§ **Problem description**
Set down every record below exactly as it stands, with the pictures omitted.

§ **Supplied records**
##############################
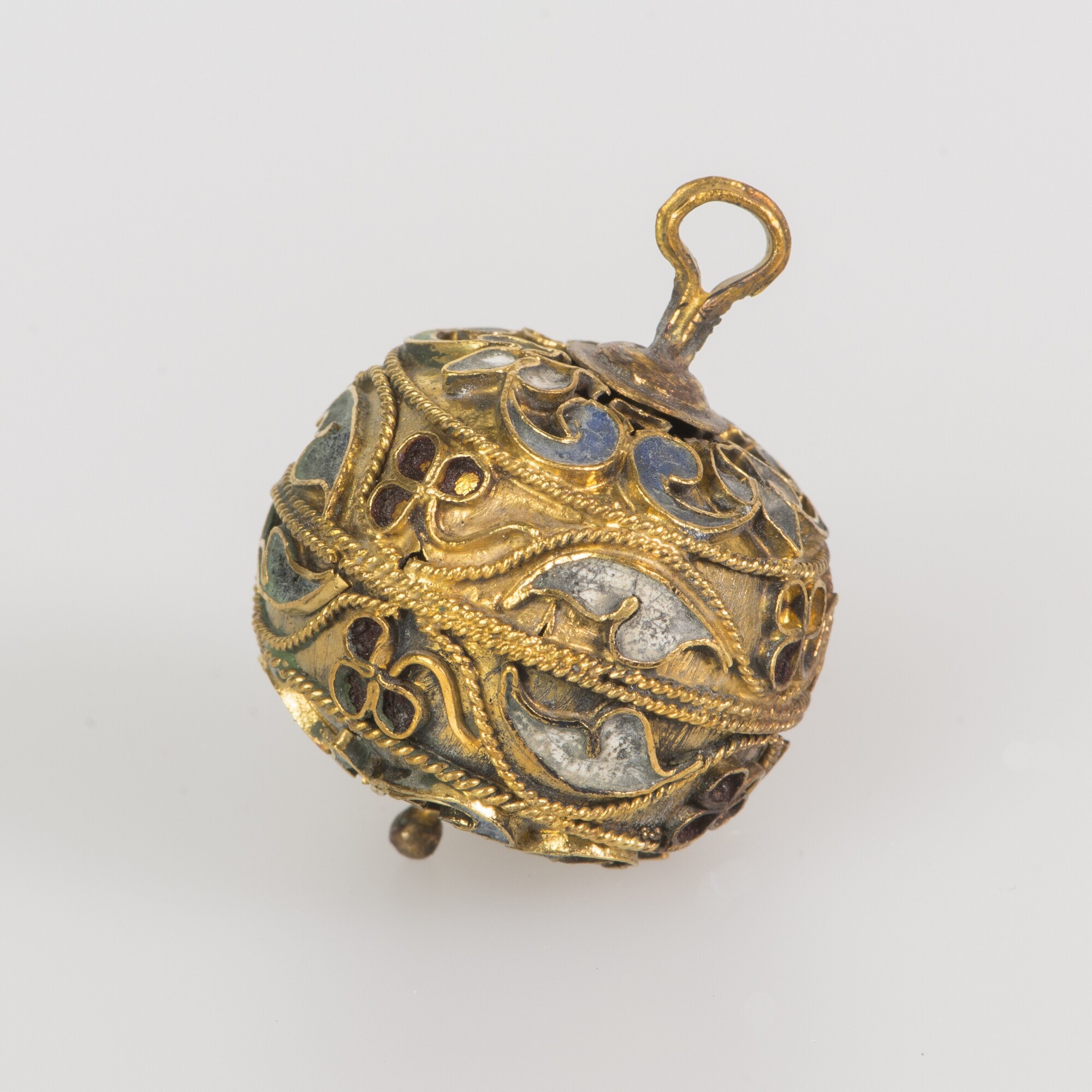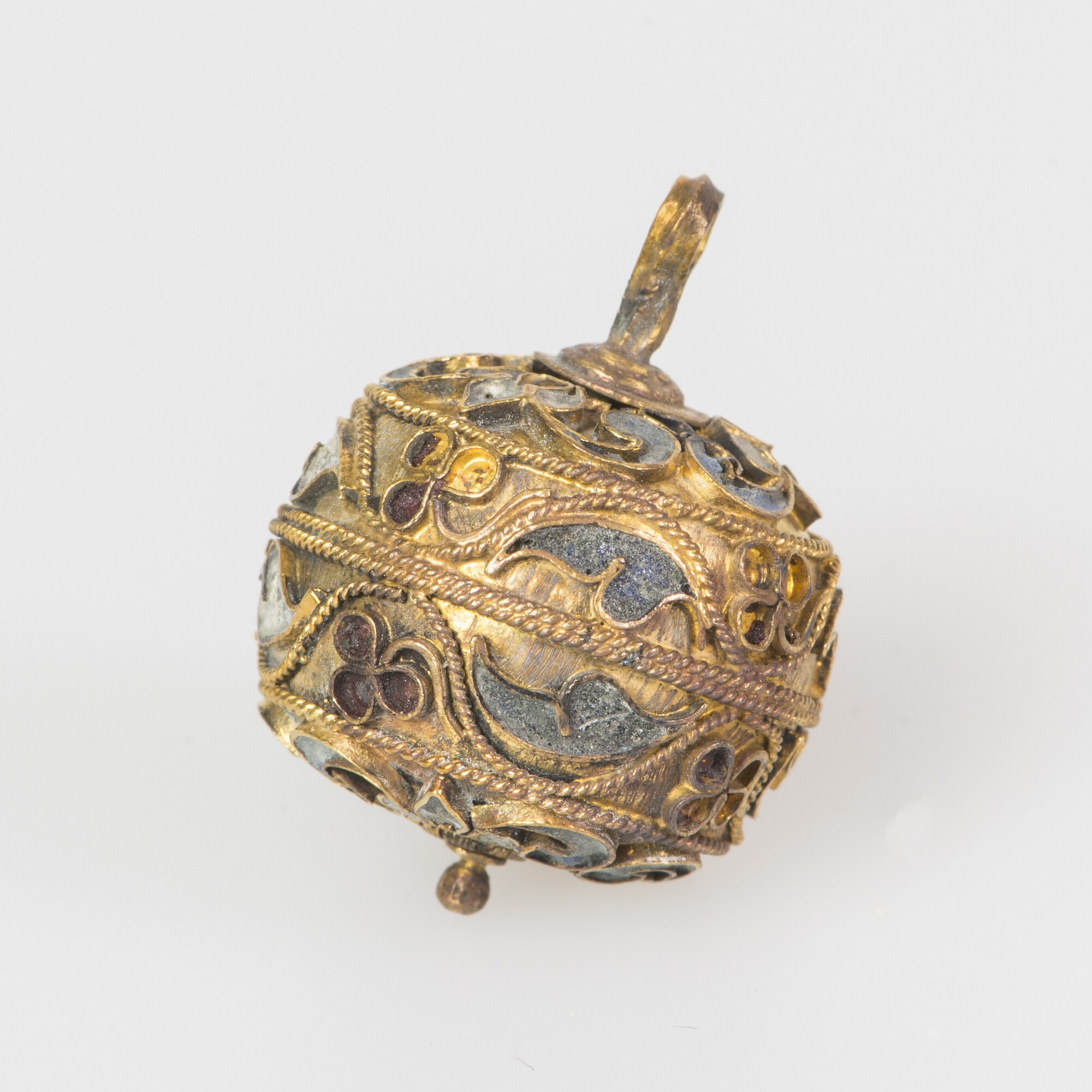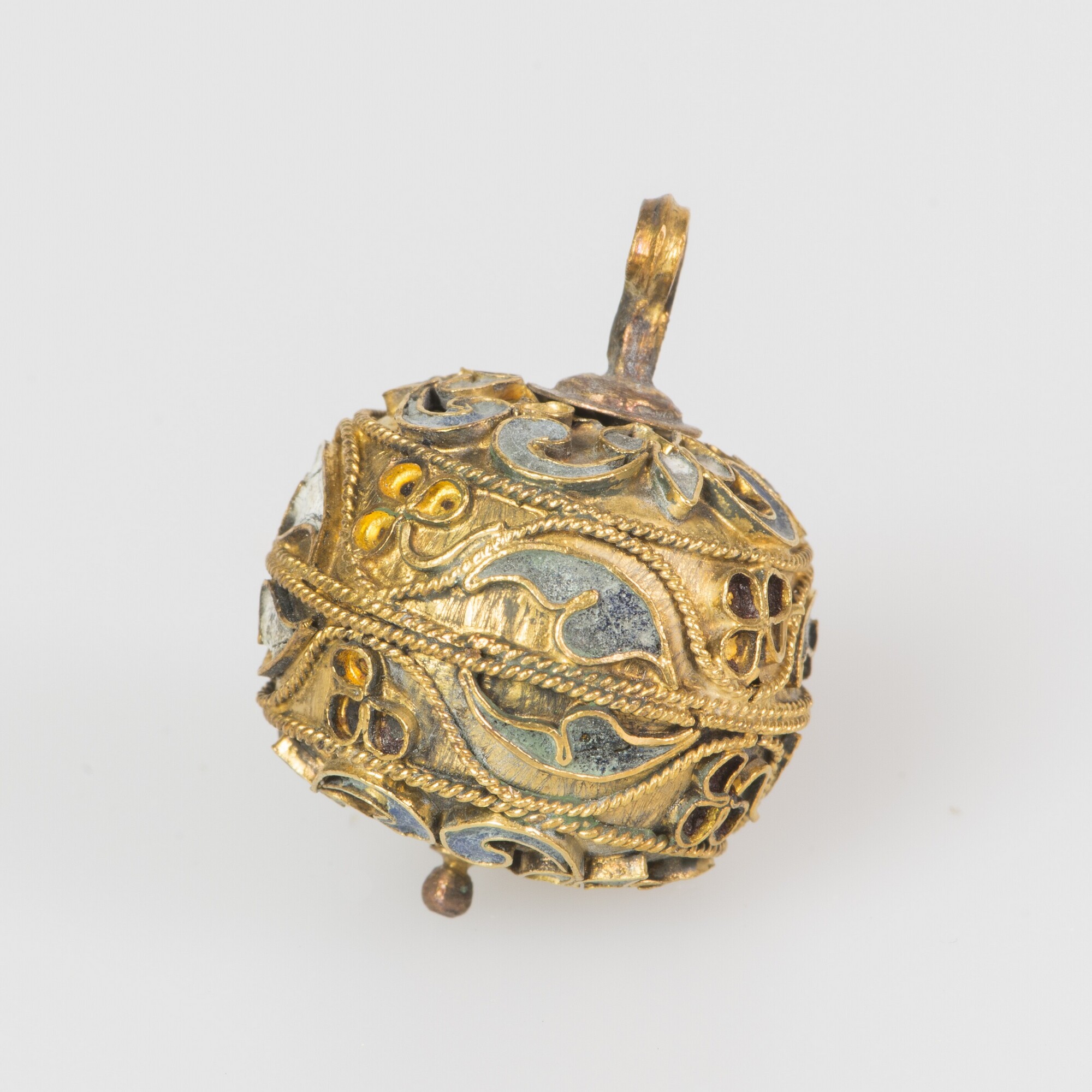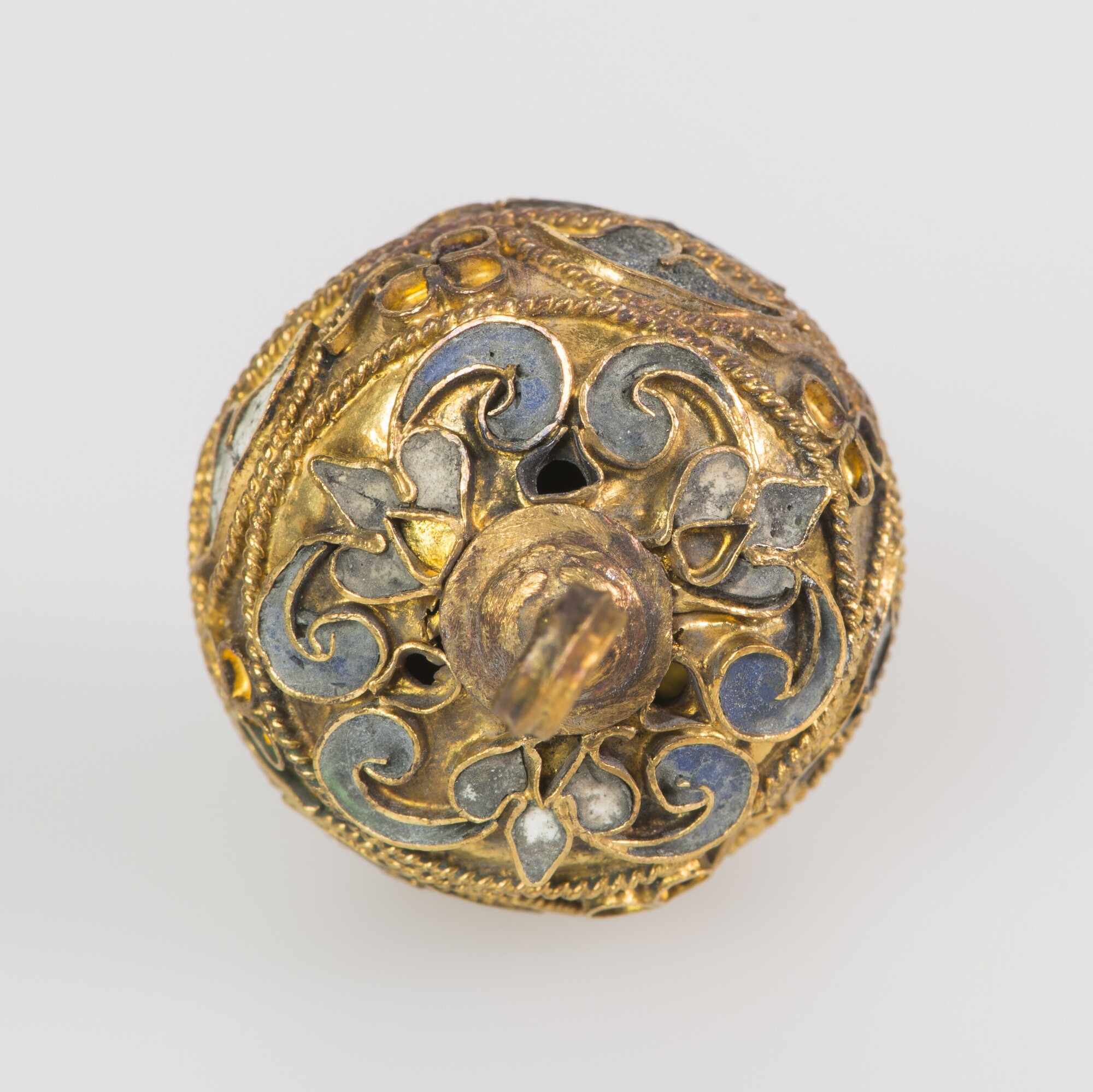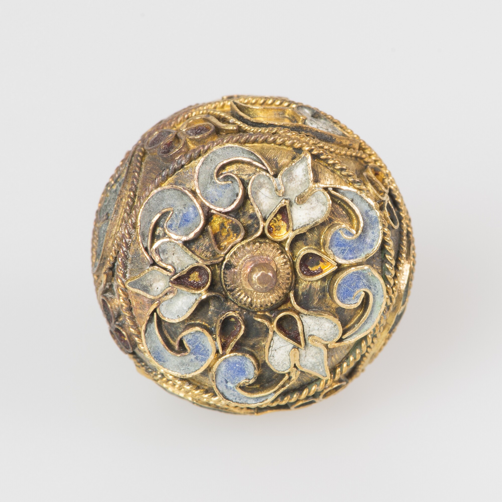 Knoop; draadoog; bolle knop aan onderzijde; filigraandraad; blauw, rood en wit email; knoop heeft een oude reparatie herkenbaar aan het schijfje onder de lus, verstevigd met pen dwars door de knoop; gewicht: 7.19 gram
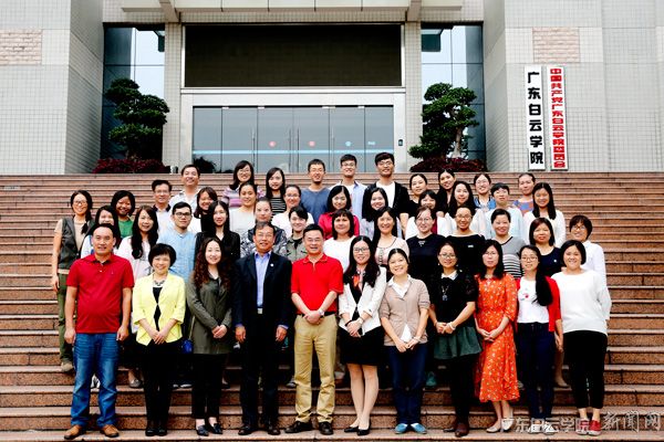 沈根生副校长(前排左四)、李向老师(前排左三)、余波老师(前排左五)和外国语学院全体英语教师合影
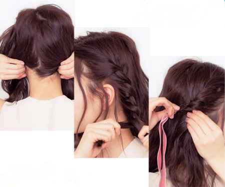 在右侧扭转编发过程中加入准备好的一根发带。(注意,将发带对折用黑色橡皮筋固定在U型发夹上,然后再固定到头发里。)
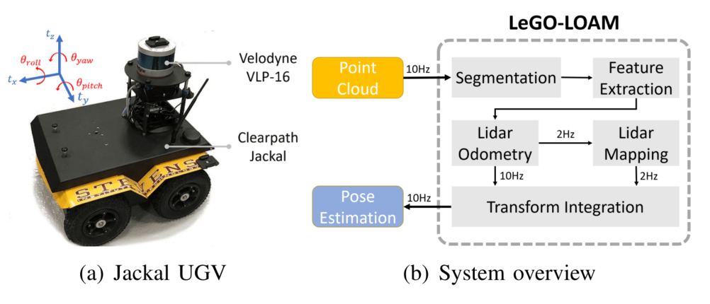 我们开发了LeGO-LOAM这一激光雷达里程测量与映射方法,并对其进行了优化技术集成。该系统旨在实现UGV在复杂环境中的实时姿态估计。首先具备轻量化优势是因为它适合嵌入式系统且能实现实时性能。通过地面优化实现了对地面特征的有效识别与处理。同时剔除了不具价值的关键点以提高数据质量。具体而言采用分步应用改进型L-M算法来分别计算姿态变换的不同分量。为了验证该方法的有效性我们采用一系列室外环境下的UGV数据集作为实验样本进行验证评估。实验结果表明在精度方面LeGO-LOAM表现不俗甚至略胜一筹并且其计算效率较现有技术有明显提升。
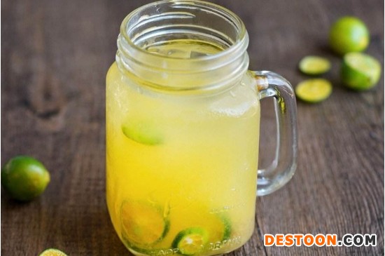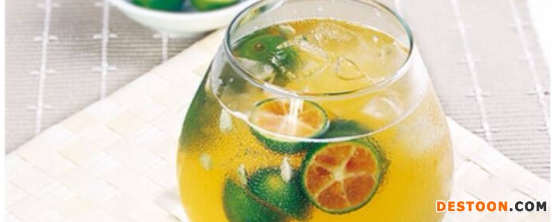 青金桔泡水,首先准备黄柠檬、青柠檬、青金桔、橙子,用盐洗去它们表面的蜡质,再将黄柠檬、青柠檬切成片状,橙子榨成橙汁。取一个杯子加入适量的清水,加入切好的材料,最后放入糖浆,蜂蜜、养乐多和橙汁调味即可。
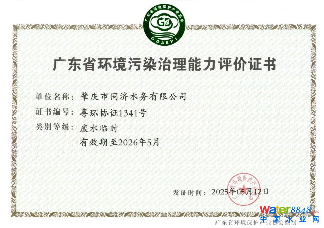 同濟環(huán)境·肇慶市同濟水務(wù)有限公司榮獲2025年第一批廣東省環(huán)境污染治理能力評價證書
##############################
§ **Worked solution**
 Knoop; draadoog; bolle knop aan onderzijde; filigraandraad; blauw, rood en wit email; knoop heeft een oude reparatie herkenbaar aan het schijfje onder de lus, verstevigd met pen dwars door de knoop; gewicht: 7.19 gram
 沈根生副校长(前排左四)、李向老师(前排左三)、余波老师(前排左五)和外国语学院全体英语教师合影
 在右侧扭转编发过程中加入准备好的一根发带。(注意,将发带对折用黑色橡皮筋固定在U型发夹上,然后再固定到头发里。)
 我们开发了LeGO-LOAM这一激光雷达里程测量与映射方法,并对其进行了优化技术集成。该系统旨在实现UGV在复杂环境中的实时姿态估计。首先具备轻量化优势是因为它适合嵌入式系统且能实现实时性能。通过地面优化实现了对地面特征的有效识别与处理。同时剔除了不具价值的关键点以提高数据质量。具体而言采用分步应用改进型L-M算法来分别计算姿态变换的不同分量。为了验证该方法的有效性我们采用一系列室外环境下的UGV数据集作为实验样本进行验证评估。实验结果表明在精度方面LeGO-LOAM表现不俗甚至略胜一筹并且其计算效率较现有技术有明显提升。
 青金桔泡水,首先准备黄柠檬、青柠檬、青金桔、橙子,用盐洗去它们表面的蜡质,再将黄柠檬、青柠檬切成片状,橙子榨成橙汁。取一个杯子加入适量的清水,加入切好的材料,最后放入糖浆,蜂蜜、养乐多和橙汁调味即可。
 同濟環(huán)境·肇慶市同濟水務(wù)有限公司榮獲2025年第一批廣東省環(huán)境污染治理能力評價證書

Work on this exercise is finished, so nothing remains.